Five years. Man, that went fast.
Well, since I didn’t take any pictures of her, here’s a verbal snapshot of my daughter at age 5:

She’s lippy. Getting in trouble lately for talking back. “Why should I!?” “You don’t have to, so I don’t have to.” screaming “YES MA’AM!!” When she’s in trouble, and knows “Yes Ma’am” is the only right answer.

She’s stubborn. Her decisions are more important than ours, unless we get all punishy on her. Arguing about bedtime, not staying in bed, not being quiet in bed, not cleaning up, sneaking into things she knows better about… We get all that. The explanation is usually a lame excuse given in a pretty impressive, very matter-of-fact tone.

She’s creative. She and her brother play games together. Creative, imaginative games with rules, and changes to rules, and cooperation. All dolls have names: hers have life goals, free will, fears… and sometimes diseases.

She’s helpful. Sometimes. They were both covered in blue marker Wednedsay night (“It’s bacteria. We have to wash it off”). J hates getting his hair washed, but she assured him she could do it better than I could, and he let her wash his hair. No tears, no fuss. Just trust. She did a good job, too.

She’s beautiful. Her hair isn’t fire-engine red like mine, but people keep calling hers red. It’s beautiful, long or short. She has adorable blue eyes.

She’s clever. I can’t fool her anymore – she can tell when I’m kidding or trying to pull one over on her.
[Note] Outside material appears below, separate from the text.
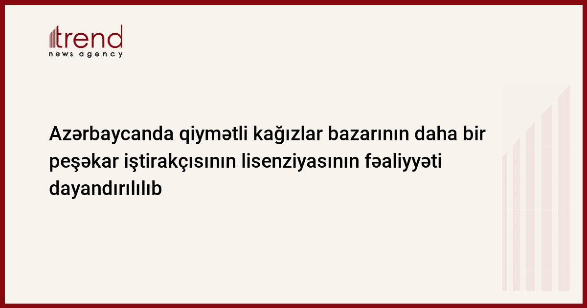 Azərbaycanda Qiymətli Kağızlar üzrə Dövlət komitəsi (QKDK) tərəfindən 2007-ci ilin oktyabrın 19-da təsis edilən qiymətli kağızlar bazarının peşəkar iştirakçısı olan Iron Investments Azerbaijan MMC-nin "Qiymətli kağızlar bazarının peşəkar iştirakçılarının hesabatlıq" qaydalarının tələblərinə əməl etməməsi səbəbindən lisenziyasının fəaliyyəti dayandırılıb, - QKDK-dan bildirilib.

She’s independent and fearless. We tell her not to talk to strangers. So she introduces herself to anybody she meets. Then they’re not a stranger. She wanders into the neighbors’ yards to talk to adults as if she’s on their level. Doesn’t matter if they’re entertaining guests, lighting their grill, etc. The whole world is her own private backyard. This part frightens me a bit… she’ll talk to anybody. Even complete strangers, while in another part of the country, who have a weird look in their eye. We can’t seem to train her out of this.

She’s a drama queen. Don’t give her what she wants and she’ll pitch a fit. Not as bad as J, so I’m sure she’ll continue growing out of it, but she can cry on command, and then she’ll get very angry if you don’t take her seriously.
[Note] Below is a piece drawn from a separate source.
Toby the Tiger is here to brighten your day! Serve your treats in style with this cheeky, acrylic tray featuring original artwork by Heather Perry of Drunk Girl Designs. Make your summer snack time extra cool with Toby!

She’s strong. I don’t mean Hercules strong, I mean emotionally, and mentally tough. She gets discouraged when she can’t do something herself, and that’ll get some tears and yelling, pouting and stamping her feet… but calm her down and show her how to do it, and she learns fast, then teaches her brother. She hates when she can’t do something herself, or her own way… but she learns fast. She’s started making good decisions with money too… I have P to thank for that.

She’s an adult in her own mind. The other day I raised my voice to J for disobeying me. S waited until I was done and said, “Daddy, you were just arguing with a 3 year old. That’s not good.” She must’ve seen the red glow in my eyes – she left quickly. That day we calmly voiced a new rule: Don’t get involved when somebody else is being punished. To which she said,

Ok. I think that’s a good idea. What does ‘involved’ mean? (From the same girl who told me the marker on her skin was “bacteria”)

P is convinced that little J is possibly smarter than S at the same age… I think it’s just the benefit of example and competition. I saw it in my own brothers and sisters… they picked up on things I did. But we’ll see where he’s at in 2 years and know for sure.